Published on December 4, 2020 in the Rochester Business Journal

After falling to a March 23rd low of 18,592 this year, the Dow Jones Industrial Average (Dow) rallied to 29,950 on November 16th – an increase of over 61%. Some of this was due to positive results for a number of new COVID vaccine candidates, the civil passing of Election Day on November 3rd, and a 15-country Asia-Pacific trade agreement signed on November 15th. Despite the recent exuberance, however, one would be wise to maintain a cautious disposition in their investment portfolios. Fallout from a resurgence of the COVID virus, weakness in certain economic data, and structural issues related to entitlement programs like Medicare and Social Security are just a few areas to be leery of.

The month of November saw successful results for the late stage testing of COVID vaccines from Pfizer, Moderna, and AstraZeneca. The Pfizer and Moderna candidates were shown to be 95% effective, while Astrazeneca’s candidate was proven to be 62% to 90% effective, depending on dosage regimen. On each day the data was released, the Dow closed meaningfully higher, as hope and optimism about overcoming the coronavirus became increasingly more pervasive.

Joe Biden’s apparent win on Election Day, especially without incident of civil unrest, was another event that the financial markets seemed to revel in. This was perhaps a bit unexpected, in as much as promises to increase taxes on the wealthy don’t typically resonate well with investors. Apparently, though, Republican retention of the Senate and big gains in the House, make it difficult to implement big changes that are not bi-partisan. Market’s often like gridlock when it prevents major policy changes that can be costly to the economy (i.e. taxes, Green New Deal, etc.). Here, again, the market traded higher on the day before, the day of, and on each of the next two days after the November 3rd election.

The Regional Comprehensive Economic Partnership (RCEP) was signed by 15 Asia-Pacific nations on November 15th, including China, Japan, South Korea, Australia, New Zealand, Thailand, Vietnam, Singapore, and Malaysia, among others. The partnership will reduce tariffs and promote free trade in the region but, most notably, it will not include the U.S., the European Union, or India - at least initially. Pundits from the Peterson Institute for International Economics and John Hopkins University suggest that Japan and South Korea stand to gain the most from the Partnership. As major U.S. trading partners, real incomes in these countries are expected to be 1% higher than they would have otherwise been by 2030. This added fuel to the market’s gain after the agreement was signed which, coincidentally, was the same day that the favorable Moderna Pharmaceuticals results were released.

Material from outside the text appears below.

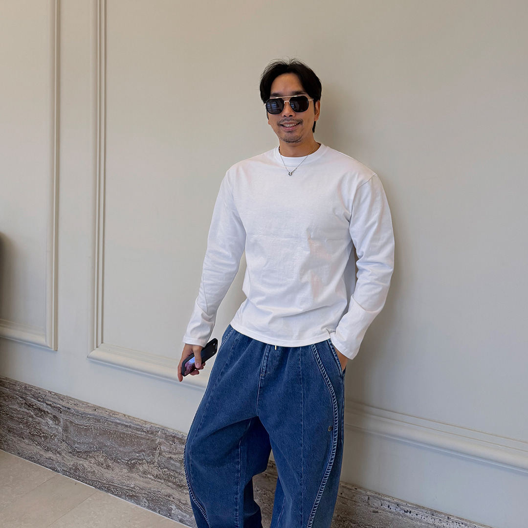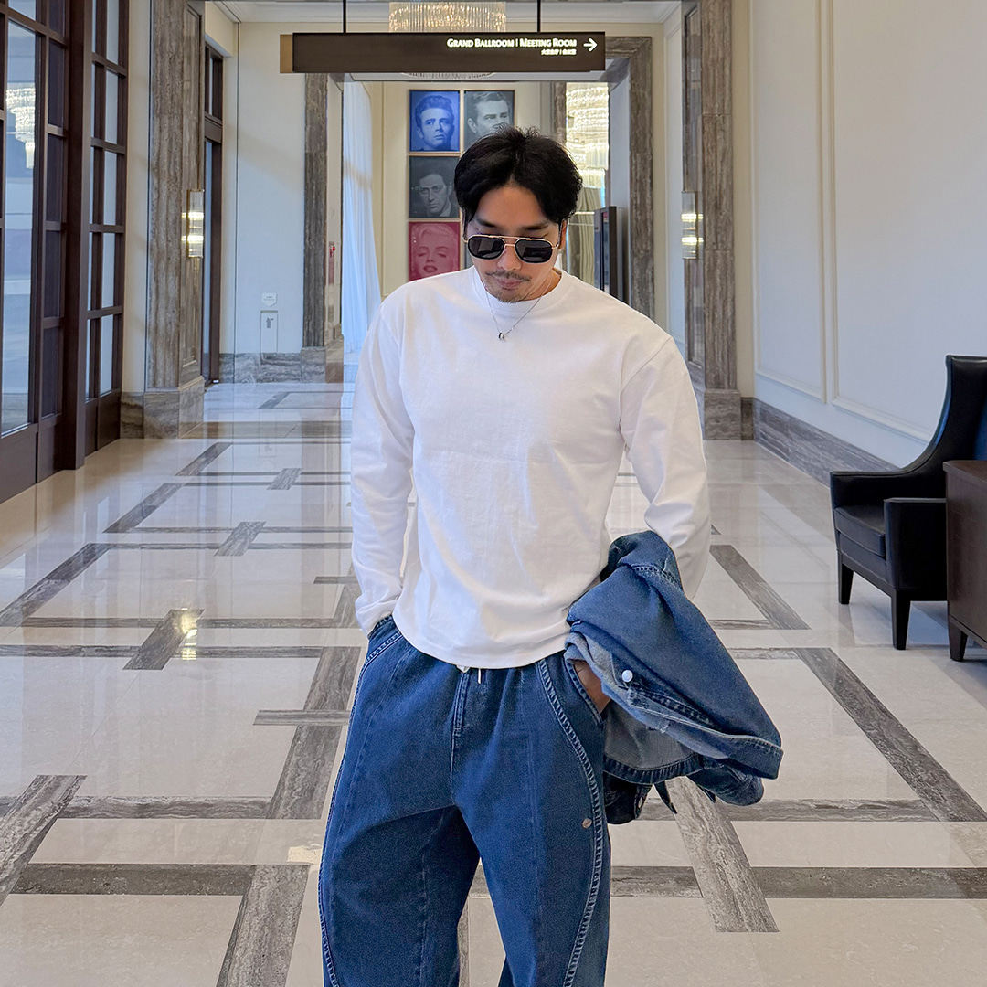 📚 MRDONG韩国代购男装十六支纯棉洗水短款长袖T恤利落显瘦叠穿神器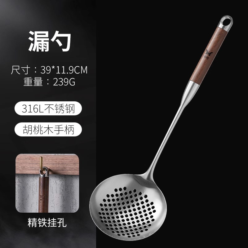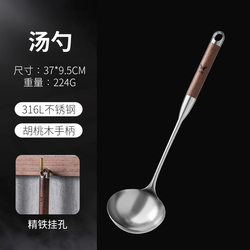 • 316L 스테인리스 스틸 국자 - 호두나무 손잡이

Despite the favorable events mentioned above, social, political and economic challenges remain. As people have let their guards down and refused to adhere to masking and social distancing protocols, COVID infection rates are again soaring, and many parts of the Country are returning to yellow, orange, and even red states of emergency. It’ll be months before the above-mentioned vaccine candidates can be approved, produced commercially and administered to reach critical mass, and there’s real potential for a return to a partial or full shut-down of all non-essential services in the meantime. This would obviously have a detrimental effect on the market, particularly since valuations are stretched well above their historical averages in just about every geographic area or economic sector for which data is available.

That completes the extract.